Iraq PM and firebrand cleric Sadr agree to an alliance … but who will lead country?
Alliance increases the chances of forming a government after weeks of political tensions
Iraqi Prime Minister Haider al-Abadi and nationalist cleric Moqtada Sadr have formed an alliance in a bid to create a new government after May polls.
Sadr’s joint list with communists won 54 seats in the legislative elections to become the biggest bloc in Iraq’s 329-seat parliament, while Abadi’s bloc came in third, scooping just 42 seats.
On Saturday Abadi travelled to the Shiite shrine city of Najaf to meet Sadr.
After three hours of talks they issued a joint statement announcing they had set up a coalition.
The statement said their alliance “transcends sectarianism and ethnic” issues “to speed up the formation of the new government and agree on the principles which serve the aspirations of our people”.

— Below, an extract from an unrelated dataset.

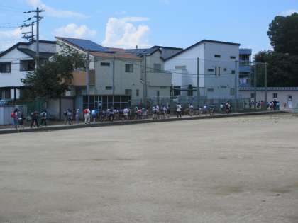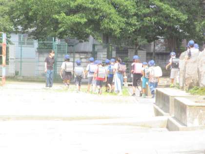 地区児童会のあとは、集団で下校です。教職員も一緒に各地区まで行きます。

A source close to Sadr’s Marching Towards Reform alliance said the thorniest issue was who would fill the post of prime minister in the new government.
Abadi would like to keep the job but is meeting resistance from rivals who beat his bloc in the election.
Saturday’s joint statement did not mention an alliance Sadr formed earlier this month with two other lists, ahead of a manual recount ordered by Iraq’s Supreme Court amid allegations of fraud.
Sadr presents himself as a non-sectarian nationalist opposed to both the United States and Iran’s influence over his country,
Earlier this month Sadr, a former militia leader, reached a coalition agreement with the pro-Iranian former fighters under Hadi al-Ameri, whose list came second in the election with 47 seats.
Before that, Sadr formed an alliance with Shiite Ammar al-Hakim’s Al-Hikma list, which won 19 seats, and the secular outgoing vice-president Iyad Allawi, whose list was comprised largely of Sunnis and secured 21 seats.
Iraqis voted on May 12 to elect the country’s 329-member parliament, in the first vote since Baghdad declared victory over Islamic State militants in December.
It marked the first time an electronic voting system was used in Iraq, and was followed by accusations of violations and irregularities in some provinces.
A fire earlier this month at a storage site housing half of Baghdad’s ballot boxes had raised tensions. Security forces said it was deliberate and made arrests but said most ballots were saved. No party has been identified as responsible yet.
The recount will slow down the process as the new parliament and government cannot be formed until the results are officially ratified by Iraq’s Supreme Federal Court.